AWS DevOps Agent — Hands-on
Most incidents are not complex.
Something breaks and someone has to figure out what changed. You open CloudWatch, check recent deployments, ask whoever last touched the
service. Two hours later, you find a renamed DynamoDB field in last week's commit. The fix? Five minutes.
AWS thinks they have a solution for that.
It's called AWS DevOps Agent — an "always-on, autonomous on-call engineer" that starts investigating the moment an
alarm fires. Built on Bedrock AgentCore, generally available since March 2026.
What it actually is
Connect it to your observability stack, code repos, deployment pipelines, and runbooks. When something breaks, it correlates data across
all of them to find what changed.
Three things it does:
-
Incident investigation. Alarm fires, agent pulls logs, checks deployments, diffs commits, tells you what changed.
-
Proactive recommendations. Between incidents it analyzes patterns and flags recurring issues before they blow up
again.
-
On-demand questions. "Why did checkout latency spike last Tuesday?" — it queries your tools and answers.
Test 2 — the missing IAM permission
An order processor Lambda calls dynamodb:PutItem, but the IAM
role is missing the permission. Classic code-review miss.
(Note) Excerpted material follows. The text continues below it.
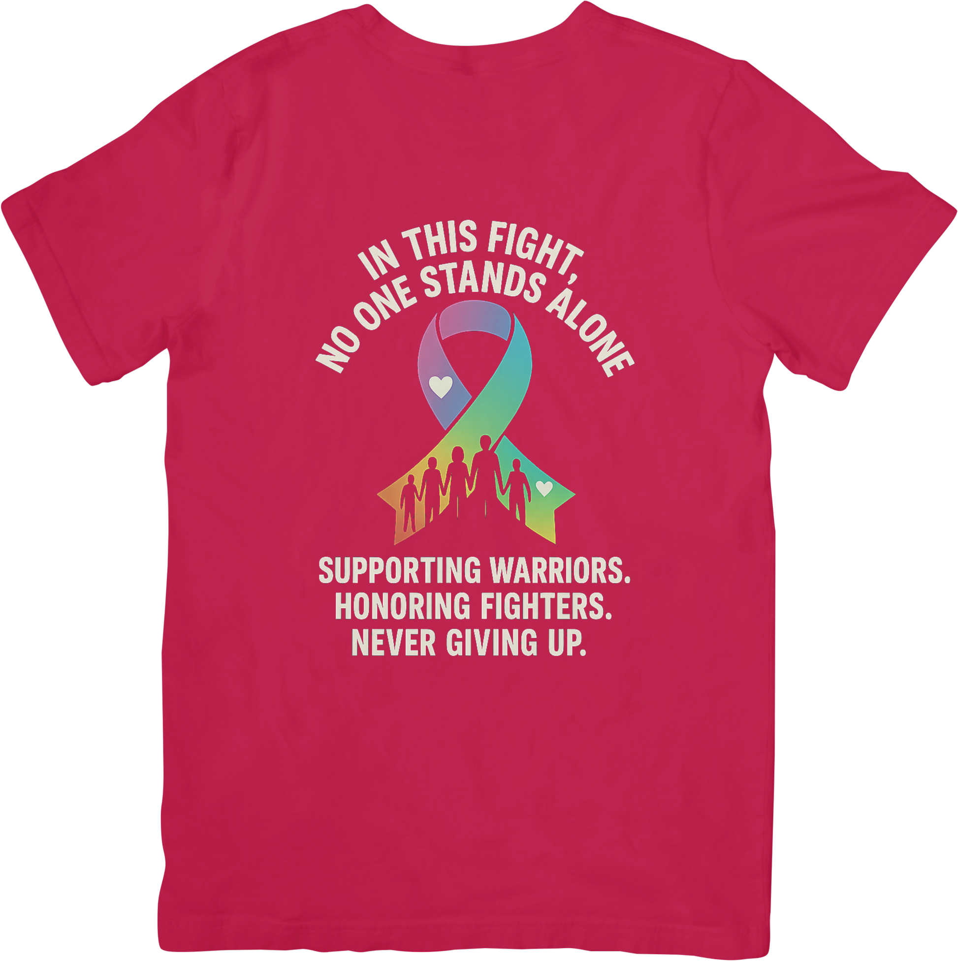 Show your unwavering support for those facing life’s toughest battles with this powerful awareness t-shirt. Featuring a vibrant multi-color ribbon, united silhouettes, and bold text that reads “In This Fight No One Stands Alone – Supporting Warriors. Honoring Fighters. Never Giving Up.” – this shirt is a statement of unity, love, and strength.

The moment the alarm fired, the agent posted to Slack with this:
Root cause: Terraform deployment by tobias.schmidt created Lambda function with incomplete IAM permissions. The
Terraform configuration is missing the required DynamoDB permissions for the role despite the function's code calling
dynamodb:PutItem on table
devops-agent-orders.
Not vague. It identified the exact deployment, the exact missing permission, and traced it through CloudTrail timestamps. No human dug
through logs.
Test 3 — where it picked the wrong side to blame
Lambda env var: TABLE_NAME=devops-agent-inventory-v1. IAM
policy: grants UpdateItem on
table/devops-agent-inventory (no
-v1). Every invocation:
AccessDeniedException.
The agent traced everything correctly — env var, IAM, the exact Terraform commit. Then concluded: fix the IAM policy. Point it
at table/devops-agent-inventory-v1.
That fix would resolve the AccessDeniedException and
immediately surface a ResourceNotFoundException, because that
table doesn't exist.
The actual bug is the env var. TABLE_NAME should be
devops-agent-inventory. The IAM policy is correct.
So: it surfaces evidence brilliantly. It does not always reason about which piece of evidence is the actual root cause.
Where it falls short
-
No native CloudWatch integration. No alarm action targets DevOps Agent directly. You build a bridge Lambda, sign a
payload with HMAC-SHA256, POST to a webhook. Not the one-click setup the product page implies.
-
Pricing is hard to predict. $0.0083/agent-second across all task types. Roughly $30/hour of active time. No cost
caps.
-
Azure support is shallow. Cross-cloud is real but early. CloudTrail has no equivalent on the Azure side.
Worth trying?
If your team spends hours per incident manually correlating logs, deployments, and CloudTrail — start the 2-month free trial. Setup
takes an afternoon and after that it runs without maintenance.
The DevOps SRE fear is real but premature. It's a good investigator, not a replacement for someone who understands the system. Test 3
proved that.